Salvini ha dichiarato il 30 marzo che è “una libera scelta del Parlamento ungherese eletto democraticamente dai cittadini”. Non lo sfiora il dubbio che anche i rappresentanti del popolo democraticamente eletti possano sbagliare, come è accaduto in Italia negli anni Venti dello scorso secolo e in Germania dieci anni dopo. E non considera che egli non avrebbe oggi libertà di esprimersi se gli errori compiuti in Italia e Germania non fossero stati “corretti” da interventi esterni (allora fu necessaria una guerra).
Ma in Italia non si è fatto qualcosa di simile, con la legislazione di emergenza?
Le differenze sono molte. Il secondo decreto legge stabilisce un termine (31 luglio). Esso elenca le misure, a differenza del primo, che le elencava, ma poi lasciava la porta aperta ad atti innominati. Il governo non può sospendere leggi.
Si ripresenta il problema dei rapporti tra libertà e democrazia. Può un ordinamento democratico non essere liberale?

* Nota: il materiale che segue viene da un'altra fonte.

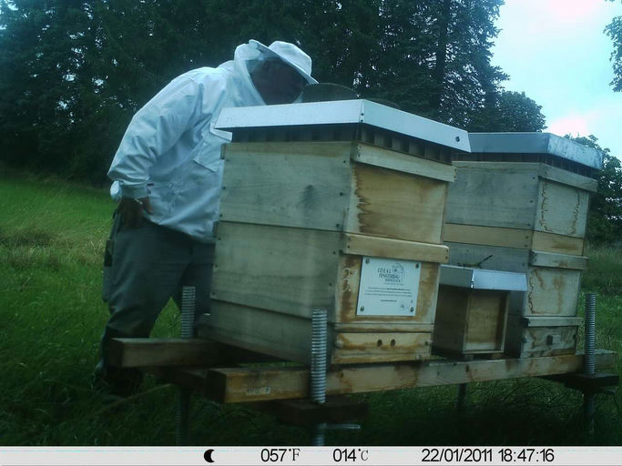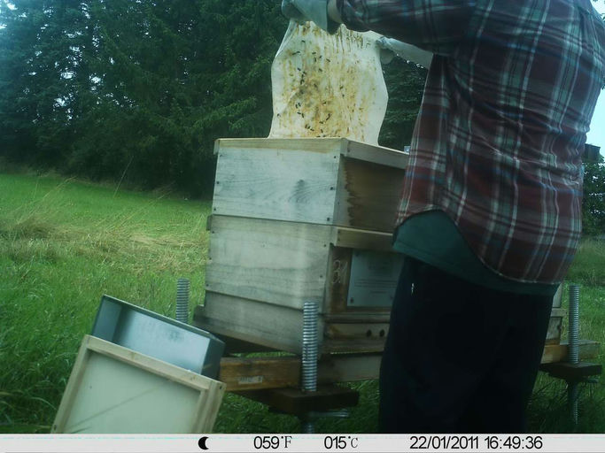 1. **Varroa-Kontrolle**: Diese führe ich mit einer Windel durch. Eine Windel ist eine "Schublade" aus Kunststoff oder Spanplatte, die unter das Bodengitter geschoben wird. Die Varroen fallen, wenn sie tot sind, von den Bienen ab, und man zählt diese aus. Es ist natürlich nur eine Stichprobe, also eine Orientierung. Mit weniger als 5 Varroen pro Tag ist das Ergebnis hervorragend.

Tra liberalismo e democrazia c’è una duplice imbricazione, una funzionale, una storica. Dal punto di vista funzionale, se democrazia si identifica solo con il diritto di votare periodicamente, e si riconosce che possano essere limitate o compresse libertà di riunione, di associazione, di manifestazione del pensiero, le elezioni perdono di significato: non si avrebbe libertà di riunirsi di associarsi in partiti, di dibattere pubblicamente. Dunque, la democrazia contiene anche necessariamente dentro di sé i princìpi liberali. Inoltre, dal punto di vista storico, il democratismo è uno sviluppo del liberalismo, con cui per qualche tempo ha convissuto con frizioni. Ora, comunque, le democrazie sono parti di costruzioni politiche che si reggono su princìpi liberali, come la garanzia dei diritti, lo Stato di diritto, la separazione dei poteri, l’indipendenza dei giudici.